- Genre: Comedy Romance
- Written by: Dori Pierson Marc Reid Rubel
- Directed by: Charles Braverman
- Starring: Mark Harmon Kirstie Alley Robert Vaughn Patrick Labyorteaux
- Music by: Robert Folk
- Country of origin: United States
- Original language: English

Production
- Executive producer: Leonard Hill
- Producer: Albert J. Salzer
- Cinematography: Hanania Baer
- Editor: Daniel Cahn
- Running time: 95 minutes
- Production company: Leonard Hill Films

Original release
- Network: ABC
- Release: January 20, 1986

= Prince of Bel Air =

Prince of Bel Air is a 1986 American made-for-television romantic comedy film starring Mark Harmon, Kirstie Alley, and Robert Vaughn. It first aired on ABC on January 20, 1986.
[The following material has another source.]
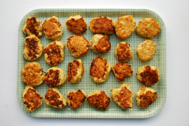 Lag kyllingkjøtbollar av ein pakke kyllingkjøtdeig, ein lauk, eitt fedd kvitlauk, to egg, salt, pepper. Finhakk lauken og bland alt godt saman i foodprosessor. Form små bollar og steik på middels til sterk varme.

Harmon, Alley, Patrick Labyorteaux, and Dean Cameron reunited the following year for the theatrical film Summer School.

==Premise==
A Los Angeles pool cleaner accustomed to living a womanizing lifestyle runs into a challenge when he meets a wealthy, attractive new love interest.

==Cast==
- Mark Harmon as Robin Prince
- Kirstie Alley as Jamie Harrison
- Robert Vaughn as Stanley Auerbach
- Patrick Labyorteaux as Justin
- Bartley Braverman as Larry Kampion
- Deborah Harmon as Carol Kampion
- Katherine Moffat as Kelli
- Scott Getlin as Steve Cooper
- Michael Horton as Michael Jacobs
- Jonathan Stark as Brad Griffin
- Sherry Hursey as Sandi
- Lisanne Falk as Stacy
- Dean Cameron as Willard
- Don Swayze as Darryl
- Barbara Crampton as Anne White
- Leslie Winston as Terry White

==European version==
The version for European theatrical exhibition includes one brief scene with two actresses, Barbara Crampton and Leslie Winston, appearing topless. In the non-European version, this same scene only features Crampton without Winston but Crampton is fully clothed.

==Reception==
The film received a mostly negative critical response.